Medical separation anxiety occurs when a dog has an ailment, often unknown to the owners, that causes an insecurity when they are left alone.  Since dogs cannot tell us how they are feeling, they speak to us through their behavior.  Unfortunately, it is not financially realistic for us to do body scans and MRI’s on our canine companions; this is often not discovered from a medical screening but can be recognized by a behavioral evaluation.

Geriatric separation anxiety occurs as a dog ages and during specific situations they become confused and react through behaviors that would be deemed separation anxiety.  Again, this is something that can be identified and treated through a behavioral consultation.

Specific triggered separation anxiety is another form.  This occurs when a dog develops an association towards a specific sight, sound or smell; that caused a traumatic reaction.  Often this manifests into other areas through something known as forward chaining and by the time the owner notices the dog suffering from separation anxiety, it has morphed far from the original issue.  This type of separation anxiety usually requires a behaviorist to evaluate the dog in order to determine the cause and develop a program to resolve the reaction.

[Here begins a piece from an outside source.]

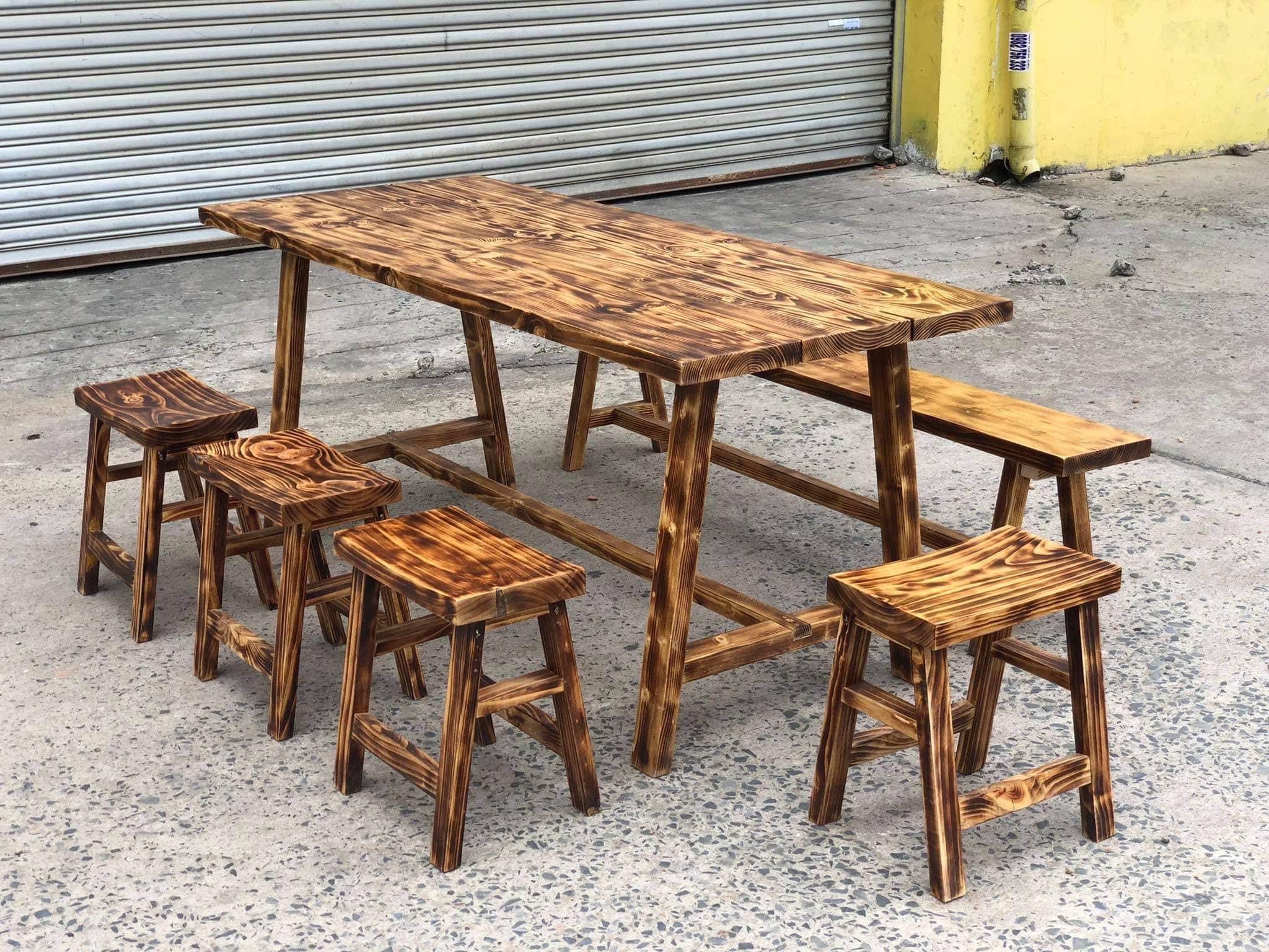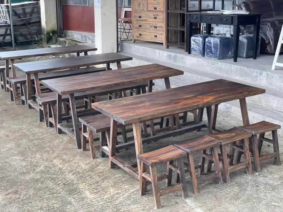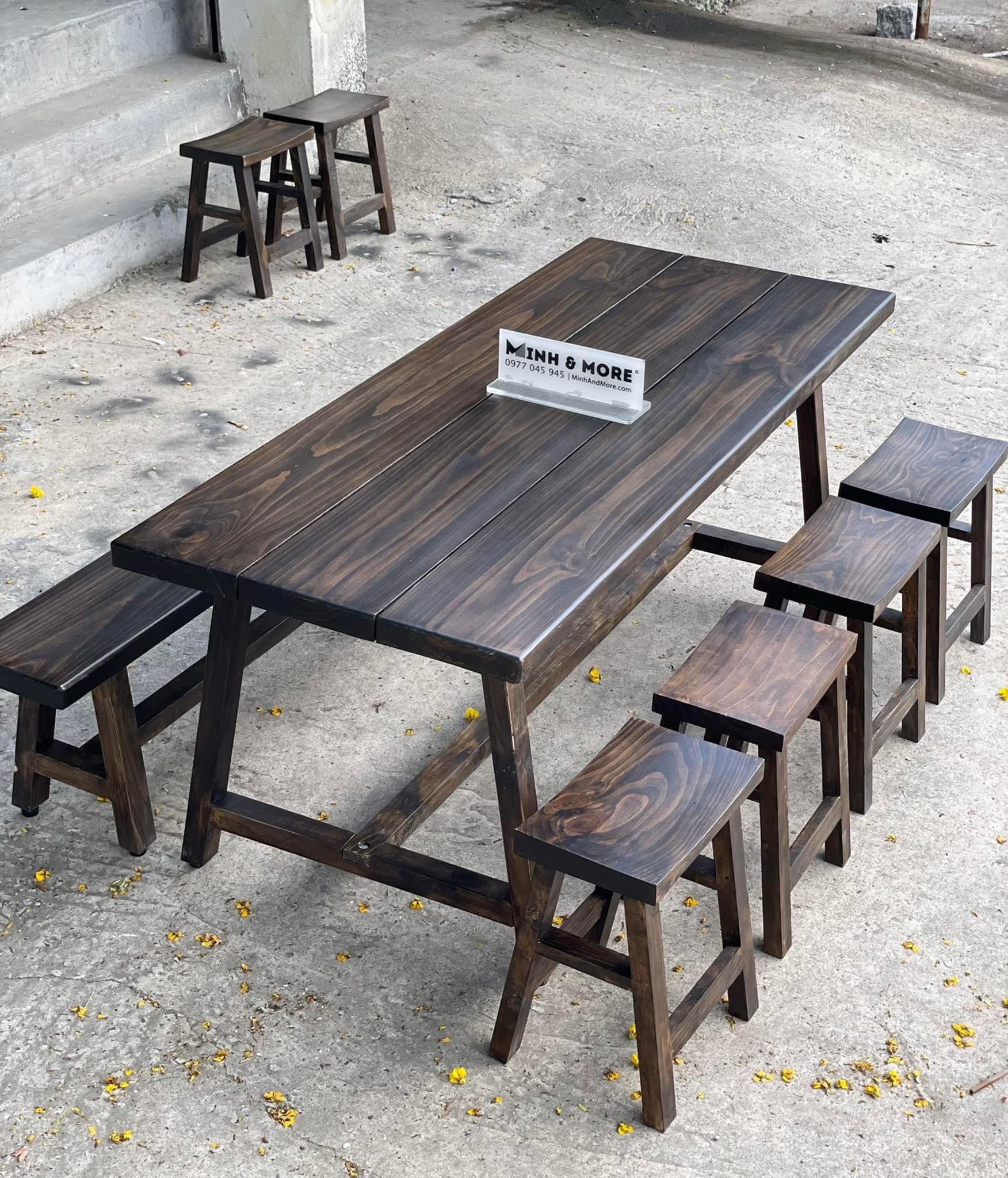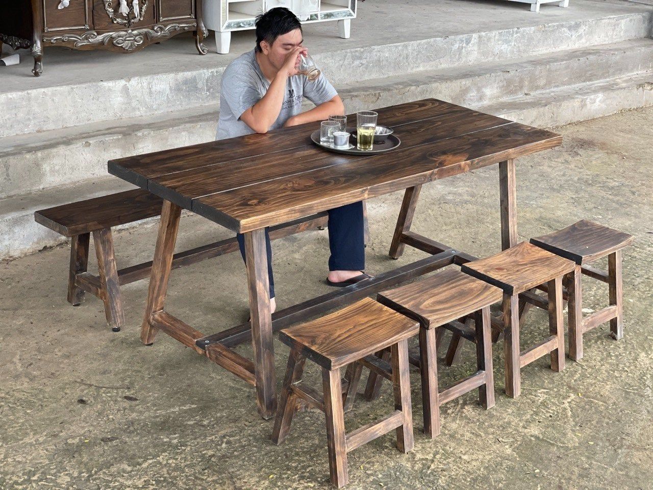 Bộ tiêu chuẩn gồm: 1 Bàn (D180 x R73 x C76 cm, mặt bàn dày 4 cm) + 1 Băng ghế dài + 4 Ghế đôn

Another big form of separation anxiety is dominance based or lack of leadership. If your dog does not feel you are the pack leader then the job of protecting the pack falls to them. Could you imagine how you would feel if you had a young child that you are responsible for and that child walked out of the house and disappeared without you knowing where they went and if they are safe or not. This is what the dog experiences every time you leave the house when they feel they are responsible for your safety. In order to stop the anxiety the dog has to know that you are in charge and not them. While living with us in our world a dog is not capable of being in charge and only can be well behaved and happy if it is clear that you are the alpha, capable of making decisions for the pack and ensuring the safety of the pack. In the wild when the alpha wolf goes out to hunt those that stay behind do not stress over his or her leaving because they are confident in their leadership and know they will return. The alphas comings and goings are never questioned it is their right to do so and canines operate with this same mentality.

This is by No means a complete list, but as you can see from just these few examples, separation anxiety is a complex disorder that cannot be handled through a ‘cookie cutter’ approach.  A dog suffering from this requires a behaviorist to conduct a scientific evaluation to determine what type of separation anxiety is occurring and why it started, so that a Proper modification program can be developed to resolve the behavior.  Often dog’s suffering from separation anxiety display severe behavior or causes substantial damage but the issue can be resolved once the type and cause is determined. We have had many cases where dogs were set to be euthanized or re-homed due to this disorder but after a few weeks of work the situation was resolved.